Category Archives: Booty Shawtys

Shawty Got a Cold

Over the past year, I developed an alarming habit of traipsing down to New Orleans at every imaginable chance with my wolf pack. Various traveling musicians and gypsy ladies routinely make the pilgrimage to work with my Crescent City counterpart, Jess Speer.  Jess is a fiery swamp witch in New Orleans who inspires my ass into gear every single day.  We met when Backside Pick played NOLA’s  House of Blues.  I hopped a caravan of Shawtys and we made the 9 hour drive in support of a wicked cool gig. It’s been down the River ever since.
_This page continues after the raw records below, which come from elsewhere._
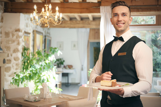 cherry filled clafoutis on a table in a cafe with bright and modern interior elements. French dessert. Concept restaurant menu, culinary blog, social media, national dishes
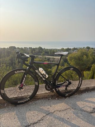 Bicicleta de carretera BH Ultralight pintura en carbono visto tope de gama. -Grupo completo shimano durace. -cadena y cassette durace -ruedas compradas a la carta perfil 45 con factura y buje dt swiss 240. - peso 7kg - neumaticos vitoria corsa 30mm
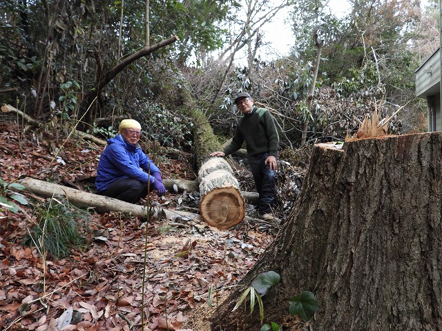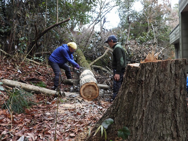 里山サロン 伐採班 "アイアイランド・コナラ大径木伐採 片付け”根元部 切れた!(2026年2月6日)
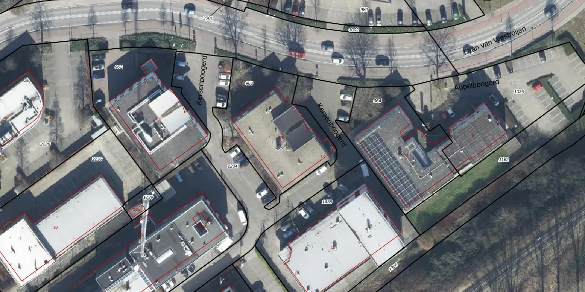 Het perceel waarop Kersenboogerd 5 staat heeft een oppervlakte van 1100 m². Dit is een zeer groot perceel. De perceeloppervlakte wordt geregistreerd door het Kadaster. Gedetailleerde informatie over de maten van dit perceel kunt u vinden in het rapport Kadastrale kaart met maatvoering van Kersenboogerd 5.
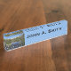 The product was just like it was in the pics, everyone at work loves it! Came on time and it was neatly packed. Bold and Clear. My name can be seen from far and it matches in color.
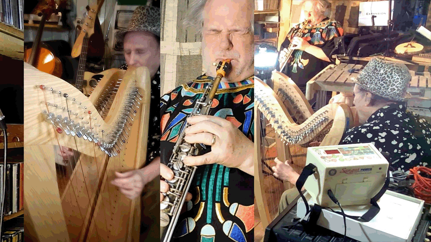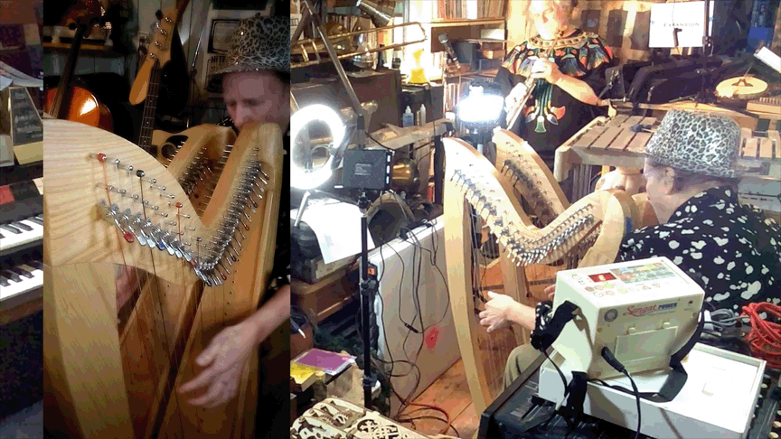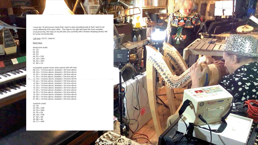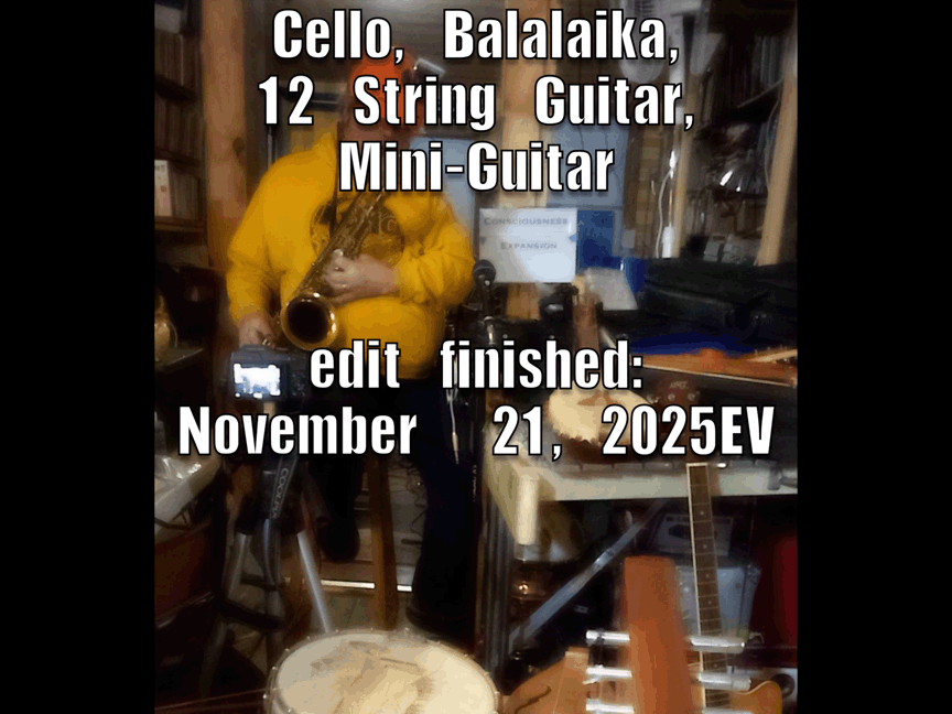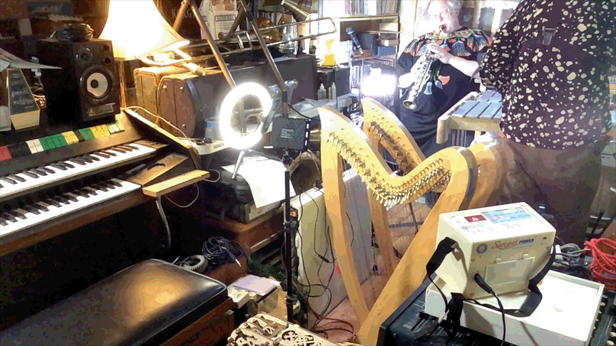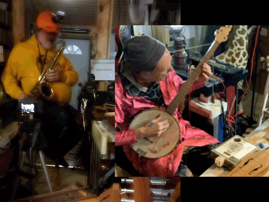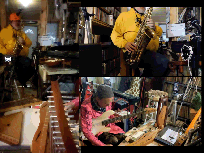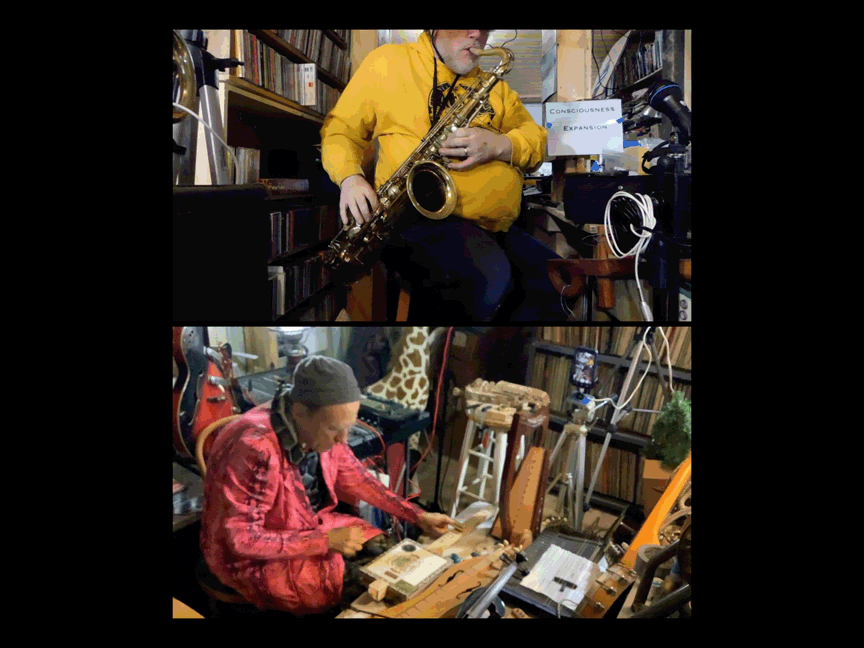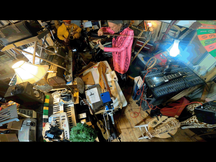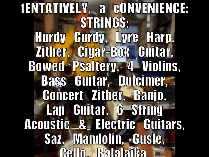 w/ Ben Opie: temor sax; tENTATIVELY, a cONVENIENCE: decorative hurdy gurdy, Celtic Lyre, Zither 19th century German Concert Zither, cigar-box guitar, lap guitar, dulcimer, 1/2 size violin, 3/4 size violin, full size violin, electric violin, gusle, 6 string acoustic guitar, 12 string acoustic guitar, 6 string electric guitar, cello, electric bass guitar, saz, mandolin, decorative balalaika, mini-guitar, bowed psaltery, 5 string banjo.

It generally behooves a band to have a slew of ladies on hand to dance in the front row, man the merch table, and manage the show off stage.  This is exactly how I met the most bad-ass, music-loving chicks on the road.  Powerful women who devote their lives to supporting bands and musicians they believe in… we are a rare breed, and we make people nervous but there really isn’t really anything we can do about that (and we really have too much work to do to bother).
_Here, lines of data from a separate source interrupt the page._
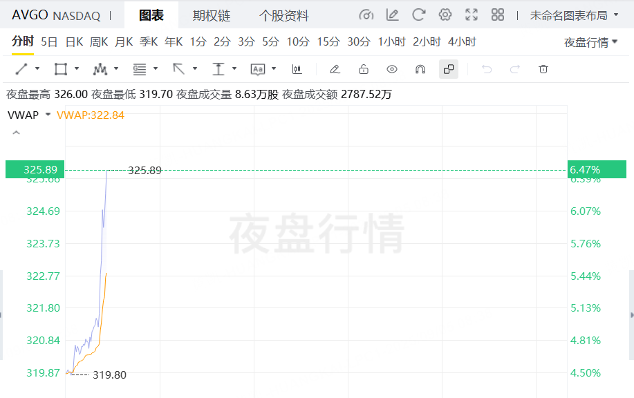 博通夜盤直線拉昇,現漲幅擴大至逾6%。據英國金融時報,OpenAI將與博通開始批量生產自研人工智能芯片,將於明年發貨。
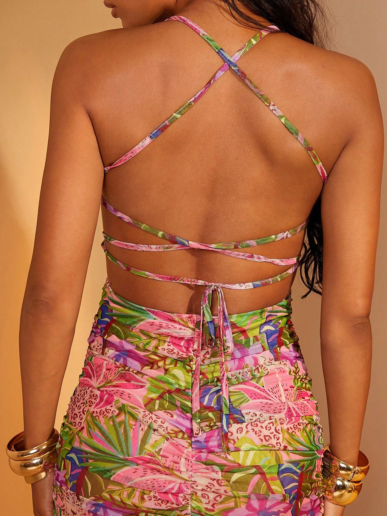 Exotic Elegance: Tropical Print Ruched Backless Cami Dress
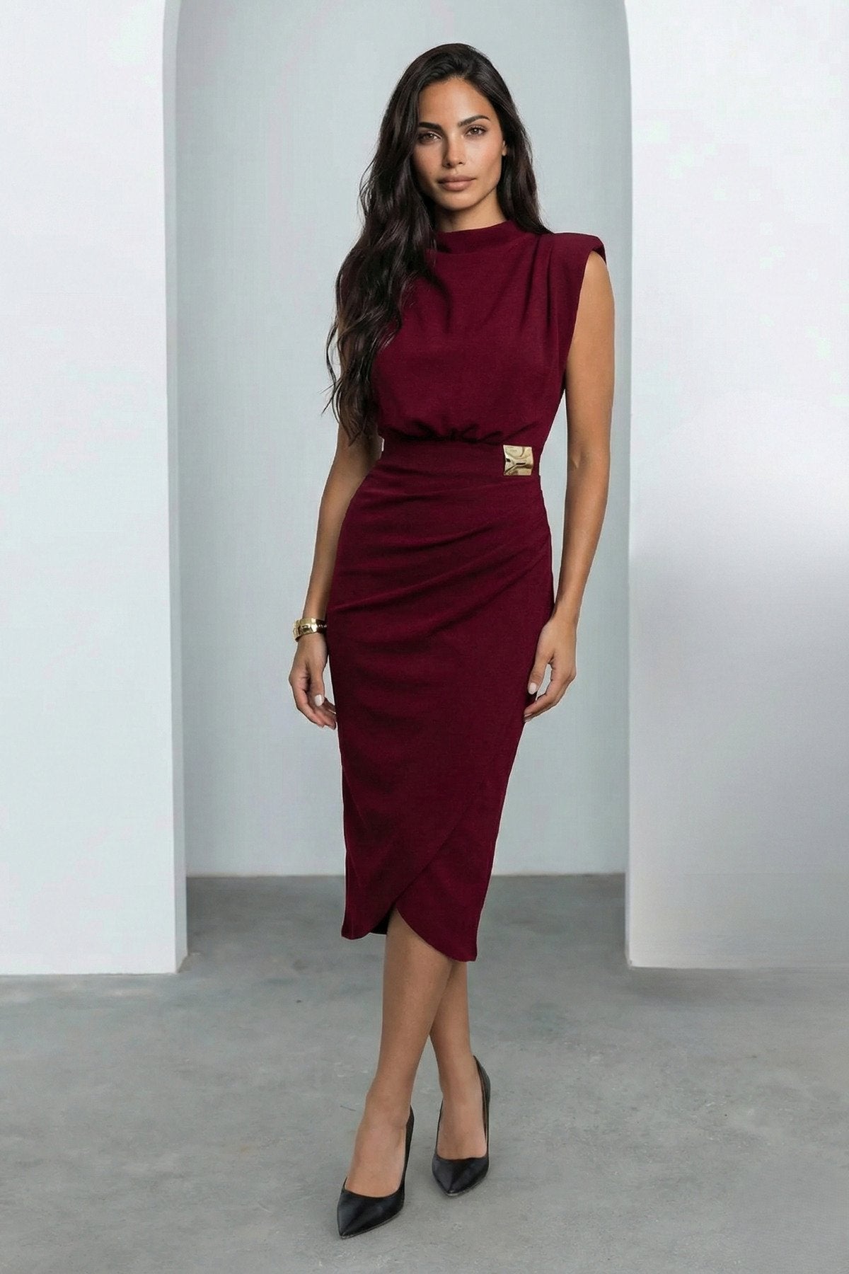 - Modern ve şık tasarımıyla dikkat çeken anvelop kesim, vücut hatlarını zarifçe sararak feminen bir siluet sunar.; - Düğün, nişan, söz ve mezuniyet gibi özel günlerde tercih edilebilecek zarif bir elbise modeli.; - Kolsuz tasarımı sayesinde yaz aylarında serinlik sağlarken, vatkalı yapısı ile şık bir görünüm kazandırır.; - Fermuarlı kapama şekli pratik kullanım imkanı sunarken, düz deseniyle sade ve elegan bir stil oluşturur.; - Scuba Krep dokuma tipi, esnek yapısıyla rahat bir kullanım sağlar ve hareket özgürlüğü tanır.; - Slim fit kalıbı sayesinde vücuda tam oturan bir görünüm elde edilirken, normal boy uzunluğu her türlü vücut tipine uyum sağlar.; - Tüm sezonlar için uygun olan bu elbise, mevsim geçişlerinde de rahatlıkla tercih edilebilir.; - Cepsiz tasarımı, minimalist ve sofistike bir görünüm sunarken, astarsız yapısıyla hafif ve konforlu bir deneyim vaat eder.;
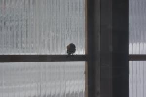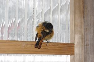 朝、事務所のペレットストーブを付け、仕事をしようかと思っていると、事務所の机から見える窓のすぐ傍に鳥がじっと止まっているのに気がつきました。
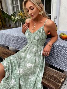 Simplee Ruffle Hem Belted Floral Cami Dress
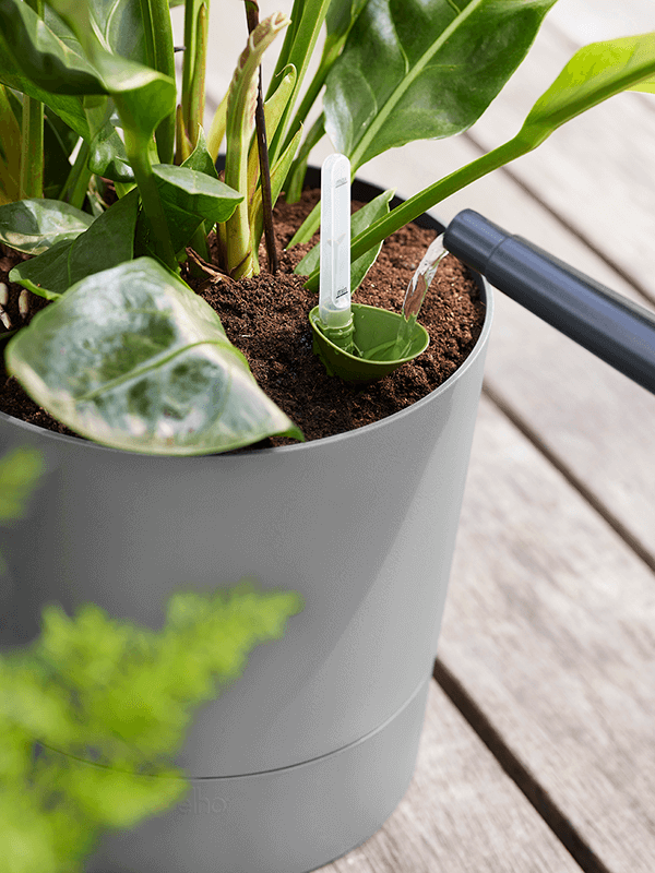 Mit der Greensense Aqua Care können Sie sicherstellen, dass Ihre Pflanzen immer genug Wasser haben. Sie füllen den Wassertank auf, wenn die Wasseruhr es anzeigt, und schon können Sie Ihre Lieblingspflanzen genießen! Dieser Topf wird mit einem Stecker geliefert, so dass Sie ihn sowohl drinnen als auch draußen verwenden können. Und dank der integrierten Räder lässt sich der Topf leicht bewegen. Sie können sich darauf verlassen, dass dieser Topf mit Liebe zur Natur hergestellt wurde. Er besteht zum Beispiel aus recyceltem Kunststoff, wird mit Windenergie aus unserem eigenen Windrad hergestellt und ist außerdem vollständig recycelbar. Die greensense aqua care Töpfe haben ein einfaches Wassersystem mit einem 2,8 Liter fassenden Reservoir. Der Wasserzähler zeigt genau an, wann das Wasser nachgefüllt werden muss. Ihre Pflanze verbraucht das gespeicherte Wasser automatisch, wenn es gebraucht wird. Ideal für einen heißen Sommer oder wenn Sie in den Urlaub fahren.

These women were my inspiration for my janky promotions operation, The Booty Shawtys.  We are a team of ridiculous fans schooled in the ways of the hustle and grind.  The Shawtys run Poster Girl duty (fliers), front end promotions, merch pushing — and we always have a few girls around just to enjoy the show.  In addition to having a mad fun excuse to actually act like girls while playing in the boy’s club, we’re bringing new girls in and training them in the ways of The Road and the music business.  I am extremely proud of my incredibly driven girls, and I don’t know how I ever got on without them.
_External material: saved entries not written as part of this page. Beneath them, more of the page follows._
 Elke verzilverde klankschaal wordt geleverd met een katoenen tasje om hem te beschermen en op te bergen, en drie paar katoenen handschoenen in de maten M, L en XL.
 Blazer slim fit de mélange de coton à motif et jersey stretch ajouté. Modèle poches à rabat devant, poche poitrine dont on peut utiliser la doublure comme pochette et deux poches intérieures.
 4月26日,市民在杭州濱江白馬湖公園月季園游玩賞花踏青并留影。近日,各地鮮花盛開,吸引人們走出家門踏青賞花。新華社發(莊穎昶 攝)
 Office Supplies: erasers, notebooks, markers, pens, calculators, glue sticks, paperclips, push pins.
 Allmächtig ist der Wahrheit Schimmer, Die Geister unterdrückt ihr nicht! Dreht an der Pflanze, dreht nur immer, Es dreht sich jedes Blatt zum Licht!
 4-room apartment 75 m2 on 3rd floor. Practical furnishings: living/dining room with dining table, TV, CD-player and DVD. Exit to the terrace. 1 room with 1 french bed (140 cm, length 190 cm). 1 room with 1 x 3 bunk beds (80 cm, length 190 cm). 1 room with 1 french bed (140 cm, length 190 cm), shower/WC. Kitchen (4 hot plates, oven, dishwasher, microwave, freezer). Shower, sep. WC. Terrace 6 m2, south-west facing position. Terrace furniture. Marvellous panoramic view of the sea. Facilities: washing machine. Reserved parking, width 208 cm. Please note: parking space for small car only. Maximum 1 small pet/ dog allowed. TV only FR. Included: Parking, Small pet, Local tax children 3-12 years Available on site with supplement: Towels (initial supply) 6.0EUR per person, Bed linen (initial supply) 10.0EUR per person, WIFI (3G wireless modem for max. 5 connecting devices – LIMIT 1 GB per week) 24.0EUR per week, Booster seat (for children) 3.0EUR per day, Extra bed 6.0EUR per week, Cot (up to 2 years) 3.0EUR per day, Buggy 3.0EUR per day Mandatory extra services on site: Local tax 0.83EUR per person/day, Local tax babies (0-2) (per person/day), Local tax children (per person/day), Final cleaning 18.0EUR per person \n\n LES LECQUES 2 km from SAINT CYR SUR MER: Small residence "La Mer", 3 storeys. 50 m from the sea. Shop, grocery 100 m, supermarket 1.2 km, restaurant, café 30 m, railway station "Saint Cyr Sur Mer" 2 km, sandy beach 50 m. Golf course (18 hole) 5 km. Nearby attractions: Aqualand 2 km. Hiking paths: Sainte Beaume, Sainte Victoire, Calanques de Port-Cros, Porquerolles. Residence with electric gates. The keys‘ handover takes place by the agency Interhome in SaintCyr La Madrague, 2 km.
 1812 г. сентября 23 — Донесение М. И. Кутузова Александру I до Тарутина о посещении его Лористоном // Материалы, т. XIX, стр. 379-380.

Can I just say that being a janky promoter is a fucking great gig?  I love it.  It’s so unapologetic and — like pretty much every aspect of the music industry — a total sausage fest.  Well, we’re going to just equalize that a little bit with our wee army of savvy women.  Jess is our Big Chief in New Orleans, working with Ropeadope, Trombone Shorty, the Blue Nile, Howlin’ Wolf and, at last count, every single musician in the Marigny.  We’ll be taking a few trips down the swamp to help her out.  Once New Orleans gets under your skin, you’re done.  Just go home.